Within the entries below, the lines from the one with "仕様:Dynamotion Fit 股下マチ付" through the one with "- The weight" are to be set down exactly, both ends kept.

(Records from a dataset)
________________________________________

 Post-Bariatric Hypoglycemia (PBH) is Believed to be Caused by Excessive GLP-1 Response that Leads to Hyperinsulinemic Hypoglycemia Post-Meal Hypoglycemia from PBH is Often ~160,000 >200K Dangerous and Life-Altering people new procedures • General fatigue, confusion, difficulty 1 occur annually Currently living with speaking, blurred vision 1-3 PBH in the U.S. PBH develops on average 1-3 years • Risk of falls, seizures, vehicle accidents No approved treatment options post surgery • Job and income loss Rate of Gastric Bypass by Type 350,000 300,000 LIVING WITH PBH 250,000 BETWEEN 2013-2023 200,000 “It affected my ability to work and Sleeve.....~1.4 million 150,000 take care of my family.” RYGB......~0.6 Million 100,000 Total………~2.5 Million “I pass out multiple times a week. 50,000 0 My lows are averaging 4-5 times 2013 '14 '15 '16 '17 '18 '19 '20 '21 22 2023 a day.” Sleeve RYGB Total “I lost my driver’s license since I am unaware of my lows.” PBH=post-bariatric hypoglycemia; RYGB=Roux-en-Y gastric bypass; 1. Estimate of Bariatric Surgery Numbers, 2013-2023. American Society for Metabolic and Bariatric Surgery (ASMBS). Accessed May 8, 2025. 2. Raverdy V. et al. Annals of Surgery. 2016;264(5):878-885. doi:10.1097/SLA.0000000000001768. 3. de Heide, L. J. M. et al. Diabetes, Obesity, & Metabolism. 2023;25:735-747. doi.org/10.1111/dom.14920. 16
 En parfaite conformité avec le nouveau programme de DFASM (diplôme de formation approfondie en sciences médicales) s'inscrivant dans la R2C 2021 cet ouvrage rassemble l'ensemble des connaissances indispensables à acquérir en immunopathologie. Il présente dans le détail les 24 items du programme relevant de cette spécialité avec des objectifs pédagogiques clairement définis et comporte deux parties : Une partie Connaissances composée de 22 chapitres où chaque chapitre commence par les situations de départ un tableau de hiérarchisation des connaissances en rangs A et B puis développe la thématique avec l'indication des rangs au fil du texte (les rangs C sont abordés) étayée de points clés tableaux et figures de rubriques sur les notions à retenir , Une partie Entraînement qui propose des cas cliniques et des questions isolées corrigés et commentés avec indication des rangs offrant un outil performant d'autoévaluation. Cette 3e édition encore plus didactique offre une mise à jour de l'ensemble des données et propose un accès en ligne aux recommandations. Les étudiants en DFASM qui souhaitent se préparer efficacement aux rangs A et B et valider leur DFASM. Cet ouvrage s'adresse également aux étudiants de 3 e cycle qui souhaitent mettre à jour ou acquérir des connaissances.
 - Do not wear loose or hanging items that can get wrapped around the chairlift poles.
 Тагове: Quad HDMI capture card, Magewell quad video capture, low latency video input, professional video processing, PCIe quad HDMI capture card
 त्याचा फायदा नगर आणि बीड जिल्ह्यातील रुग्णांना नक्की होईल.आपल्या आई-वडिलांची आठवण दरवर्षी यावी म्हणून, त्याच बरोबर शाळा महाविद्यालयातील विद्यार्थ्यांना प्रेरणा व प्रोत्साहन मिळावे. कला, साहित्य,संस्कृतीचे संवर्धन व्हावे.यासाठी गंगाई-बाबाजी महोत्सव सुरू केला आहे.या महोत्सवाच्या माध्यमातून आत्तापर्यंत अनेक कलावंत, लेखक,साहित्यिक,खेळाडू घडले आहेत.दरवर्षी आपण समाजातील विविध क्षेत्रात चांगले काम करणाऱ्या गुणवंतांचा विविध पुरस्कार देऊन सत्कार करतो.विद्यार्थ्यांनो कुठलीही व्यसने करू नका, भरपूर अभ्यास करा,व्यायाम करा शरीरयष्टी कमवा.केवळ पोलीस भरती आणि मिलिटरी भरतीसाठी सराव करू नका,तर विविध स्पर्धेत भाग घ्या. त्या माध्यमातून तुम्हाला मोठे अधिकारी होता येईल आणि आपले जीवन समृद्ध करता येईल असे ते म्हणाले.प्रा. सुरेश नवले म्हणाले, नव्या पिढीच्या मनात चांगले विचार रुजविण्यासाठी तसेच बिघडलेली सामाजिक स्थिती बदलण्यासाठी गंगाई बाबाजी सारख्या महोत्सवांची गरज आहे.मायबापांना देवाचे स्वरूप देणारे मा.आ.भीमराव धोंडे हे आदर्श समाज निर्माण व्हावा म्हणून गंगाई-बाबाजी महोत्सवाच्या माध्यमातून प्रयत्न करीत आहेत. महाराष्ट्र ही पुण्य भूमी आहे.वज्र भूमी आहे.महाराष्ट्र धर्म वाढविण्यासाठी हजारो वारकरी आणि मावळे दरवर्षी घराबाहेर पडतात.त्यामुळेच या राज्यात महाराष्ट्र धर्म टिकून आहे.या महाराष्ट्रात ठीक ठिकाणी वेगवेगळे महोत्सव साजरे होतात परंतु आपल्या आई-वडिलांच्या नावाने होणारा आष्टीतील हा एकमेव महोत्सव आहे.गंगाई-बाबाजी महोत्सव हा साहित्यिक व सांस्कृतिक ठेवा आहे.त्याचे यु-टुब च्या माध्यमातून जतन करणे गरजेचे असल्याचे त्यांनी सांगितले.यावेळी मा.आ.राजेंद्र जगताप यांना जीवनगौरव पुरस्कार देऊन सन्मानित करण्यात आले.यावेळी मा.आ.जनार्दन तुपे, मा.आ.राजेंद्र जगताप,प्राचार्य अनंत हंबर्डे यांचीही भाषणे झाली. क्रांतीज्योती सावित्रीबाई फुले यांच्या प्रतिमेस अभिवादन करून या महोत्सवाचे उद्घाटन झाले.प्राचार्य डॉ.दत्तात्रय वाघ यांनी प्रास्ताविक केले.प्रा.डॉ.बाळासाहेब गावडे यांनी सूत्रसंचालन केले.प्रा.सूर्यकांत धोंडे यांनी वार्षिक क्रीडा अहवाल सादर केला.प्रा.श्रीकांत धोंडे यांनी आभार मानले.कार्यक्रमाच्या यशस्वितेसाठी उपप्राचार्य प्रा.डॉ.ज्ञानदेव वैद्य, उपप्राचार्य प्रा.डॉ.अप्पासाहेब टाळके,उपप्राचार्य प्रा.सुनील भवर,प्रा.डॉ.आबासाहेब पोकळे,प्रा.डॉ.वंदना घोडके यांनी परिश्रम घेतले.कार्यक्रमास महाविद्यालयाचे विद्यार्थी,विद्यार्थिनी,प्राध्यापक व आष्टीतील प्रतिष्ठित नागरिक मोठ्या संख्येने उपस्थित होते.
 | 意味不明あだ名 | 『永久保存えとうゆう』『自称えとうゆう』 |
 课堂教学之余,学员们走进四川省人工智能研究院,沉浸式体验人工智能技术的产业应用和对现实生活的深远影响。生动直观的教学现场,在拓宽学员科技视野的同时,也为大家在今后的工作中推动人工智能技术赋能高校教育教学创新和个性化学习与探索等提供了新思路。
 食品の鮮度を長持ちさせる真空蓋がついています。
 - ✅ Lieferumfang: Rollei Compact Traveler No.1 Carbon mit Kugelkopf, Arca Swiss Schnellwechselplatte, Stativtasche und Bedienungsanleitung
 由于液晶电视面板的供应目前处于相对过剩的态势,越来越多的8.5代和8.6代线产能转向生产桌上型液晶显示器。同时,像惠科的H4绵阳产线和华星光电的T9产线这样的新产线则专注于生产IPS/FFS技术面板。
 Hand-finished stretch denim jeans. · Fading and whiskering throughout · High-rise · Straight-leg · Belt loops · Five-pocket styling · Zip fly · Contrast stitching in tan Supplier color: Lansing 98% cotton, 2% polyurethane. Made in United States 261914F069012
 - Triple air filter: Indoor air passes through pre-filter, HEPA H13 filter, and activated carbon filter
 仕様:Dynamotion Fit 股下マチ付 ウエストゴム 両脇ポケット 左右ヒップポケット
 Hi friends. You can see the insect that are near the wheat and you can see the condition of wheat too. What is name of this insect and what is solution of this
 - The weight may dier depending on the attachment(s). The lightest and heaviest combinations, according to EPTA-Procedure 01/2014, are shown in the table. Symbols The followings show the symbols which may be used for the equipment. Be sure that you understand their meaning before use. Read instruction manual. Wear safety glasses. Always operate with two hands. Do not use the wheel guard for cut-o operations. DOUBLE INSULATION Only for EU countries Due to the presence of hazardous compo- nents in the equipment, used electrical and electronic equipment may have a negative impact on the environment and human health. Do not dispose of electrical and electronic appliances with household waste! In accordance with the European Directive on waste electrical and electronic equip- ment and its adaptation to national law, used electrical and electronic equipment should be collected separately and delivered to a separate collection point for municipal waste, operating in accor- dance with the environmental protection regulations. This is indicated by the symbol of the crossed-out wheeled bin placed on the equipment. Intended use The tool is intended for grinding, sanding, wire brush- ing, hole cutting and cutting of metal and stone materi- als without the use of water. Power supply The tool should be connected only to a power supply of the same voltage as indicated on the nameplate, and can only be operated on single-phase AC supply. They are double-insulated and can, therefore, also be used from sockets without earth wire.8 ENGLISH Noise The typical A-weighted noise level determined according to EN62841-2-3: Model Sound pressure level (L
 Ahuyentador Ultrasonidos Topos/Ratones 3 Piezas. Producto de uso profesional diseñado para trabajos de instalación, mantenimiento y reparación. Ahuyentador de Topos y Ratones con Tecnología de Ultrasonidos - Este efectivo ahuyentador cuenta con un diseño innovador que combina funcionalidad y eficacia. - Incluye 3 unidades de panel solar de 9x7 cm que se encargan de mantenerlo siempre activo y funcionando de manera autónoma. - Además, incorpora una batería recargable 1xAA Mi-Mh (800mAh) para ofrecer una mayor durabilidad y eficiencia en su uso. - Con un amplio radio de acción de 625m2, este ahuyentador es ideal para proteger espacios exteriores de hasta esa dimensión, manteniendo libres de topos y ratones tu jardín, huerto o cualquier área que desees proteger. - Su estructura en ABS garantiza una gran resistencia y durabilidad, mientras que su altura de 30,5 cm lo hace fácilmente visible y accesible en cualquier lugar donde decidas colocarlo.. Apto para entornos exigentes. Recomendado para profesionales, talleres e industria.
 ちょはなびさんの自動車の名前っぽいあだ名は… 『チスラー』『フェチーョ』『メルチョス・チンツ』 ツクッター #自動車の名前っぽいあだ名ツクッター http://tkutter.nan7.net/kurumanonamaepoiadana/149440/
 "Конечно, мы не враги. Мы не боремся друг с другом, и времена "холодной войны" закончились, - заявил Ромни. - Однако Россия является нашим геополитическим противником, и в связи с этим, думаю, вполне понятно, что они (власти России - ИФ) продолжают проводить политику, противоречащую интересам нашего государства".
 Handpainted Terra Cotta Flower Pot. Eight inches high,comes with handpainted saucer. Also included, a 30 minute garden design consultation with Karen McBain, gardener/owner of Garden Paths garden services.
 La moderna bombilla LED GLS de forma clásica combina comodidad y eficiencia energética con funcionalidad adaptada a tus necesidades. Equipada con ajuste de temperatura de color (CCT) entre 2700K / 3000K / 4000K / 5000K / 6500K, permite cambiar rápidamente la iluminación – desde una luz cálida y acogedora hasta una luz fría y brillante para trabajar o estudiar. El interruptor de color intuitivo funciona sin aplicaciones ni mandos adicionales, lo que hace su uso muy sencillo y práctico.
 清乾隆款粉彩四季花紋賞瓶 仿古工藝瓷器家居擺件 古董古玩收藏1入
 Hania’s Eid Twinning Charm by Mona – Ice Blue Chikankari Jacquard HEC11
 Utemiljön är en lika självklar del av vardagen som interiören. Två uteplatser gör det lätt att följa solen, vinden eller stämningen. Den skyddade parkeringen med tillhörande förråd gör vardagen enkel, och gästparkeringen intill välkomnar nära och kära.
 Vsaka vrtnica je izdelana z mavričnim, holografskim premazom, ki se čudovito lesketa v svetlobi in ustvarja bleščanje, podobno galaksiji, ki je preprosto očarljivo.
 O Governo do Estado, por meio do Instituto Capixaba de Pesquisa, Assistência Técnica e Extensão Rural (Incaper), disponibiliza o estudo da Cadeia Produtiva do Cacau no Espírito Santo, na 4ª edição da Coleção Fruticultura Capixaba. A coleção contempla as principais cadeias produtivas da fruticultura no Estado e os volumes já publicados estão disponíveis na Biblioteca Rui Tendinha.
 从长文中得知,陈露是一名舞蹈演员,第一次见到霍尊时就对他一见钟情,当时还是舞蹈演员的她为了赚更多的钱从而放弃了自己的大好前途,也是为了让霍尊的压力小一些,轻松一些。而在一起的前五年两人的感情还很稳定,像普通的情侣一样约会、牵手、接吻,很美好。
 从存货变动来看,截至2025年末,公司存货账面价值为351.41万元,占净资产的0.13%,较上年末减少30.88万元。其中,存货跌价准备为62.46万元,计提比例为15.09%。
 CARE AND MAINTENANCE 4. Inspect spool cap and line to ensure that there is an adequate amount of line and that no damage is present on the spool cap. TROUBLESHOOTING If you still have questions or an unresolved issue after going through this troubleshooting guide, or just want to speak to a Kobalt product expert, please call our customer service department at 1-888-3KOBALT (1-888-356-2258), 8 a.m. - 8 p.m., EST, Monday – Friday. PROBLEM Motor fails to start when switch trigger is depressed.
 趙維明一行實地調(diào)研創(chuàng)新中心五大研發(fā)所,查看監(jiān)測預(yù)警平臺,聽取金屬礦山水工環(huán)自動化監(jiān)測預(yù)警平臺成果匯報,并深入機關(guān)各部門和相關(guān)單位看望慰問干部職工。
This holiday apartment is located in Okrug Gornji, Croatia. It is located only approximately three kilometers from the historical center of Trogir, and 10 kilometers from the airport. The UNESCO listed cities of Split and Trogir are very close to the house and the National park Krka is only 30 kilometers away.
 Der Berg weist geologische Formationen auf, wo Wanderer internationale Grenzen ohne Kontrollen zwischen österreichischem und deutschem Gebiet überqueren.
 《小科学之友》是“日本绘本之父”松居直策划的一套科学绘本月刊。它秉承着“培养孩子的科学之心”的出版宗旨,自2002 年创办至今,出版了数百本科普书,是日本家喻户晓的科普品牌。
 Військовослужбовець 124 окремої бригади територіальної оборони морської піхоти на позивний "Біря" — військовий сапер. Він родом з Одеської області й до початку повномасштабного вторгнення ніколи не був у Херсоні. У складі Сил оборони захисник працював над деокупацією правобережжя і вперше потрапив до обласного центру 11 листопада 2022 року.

________________________________________

RESPONSE BELOW
 仕様:Dynamotion Fit 股下マチ付 ウエストゴム 両脇ポケット 左右ヒップポケット
 Hi friends. You can see the insect that are near the wheat and you can see the condition of wheat too. What is name of this insect and what is solution of this
 - The weight may dier depending on the attachment(s). The lightest and heaviest combinations, according to EPTA-Procedure 01/2014, are shown in the table. Symbols The followings show the symbols which may be used for the equipment. Be sure that you understand their meaning before use. Read instruction manual. Wear safety glasses. Always operate with two hands. Do not use the wheel guard for cut-o operations. DOUBLE INSULATION Only for EU countries Due to the presence of hazardous compo- nents in the equipment, used electrical and electronic equipment may have a negative impact on the environment and human health. Do not dispose of electrical and electronic appliances with household waste! In accordance with the European Directive on waste electrical and electronic equip- ment and its adaptation to national law, used electrical and electronic equipment should be collected separately and delivered to a separate collection point for municipal waste, operating in accor- dance with the environmental protection regulations. This is indicated by the symbol of the crossed-out wheeled bin placed on the equipment. Intended use The tool is intended for grinding, sanding, wire brush- ing, hole cutting and cutting of metal and stone materi- als without the use of water. Power supply The tool should be connected only to a power supply of the same voltage as indicated on the nameplate, and can only be operated on single-phase AC supply. They are double-insulated and can, therefore, also be used from sockets without earth wire.8 ENGLISH Noise The typical A-weighted noise level determined according to EN62841-2-3: Model Sound pressure level (L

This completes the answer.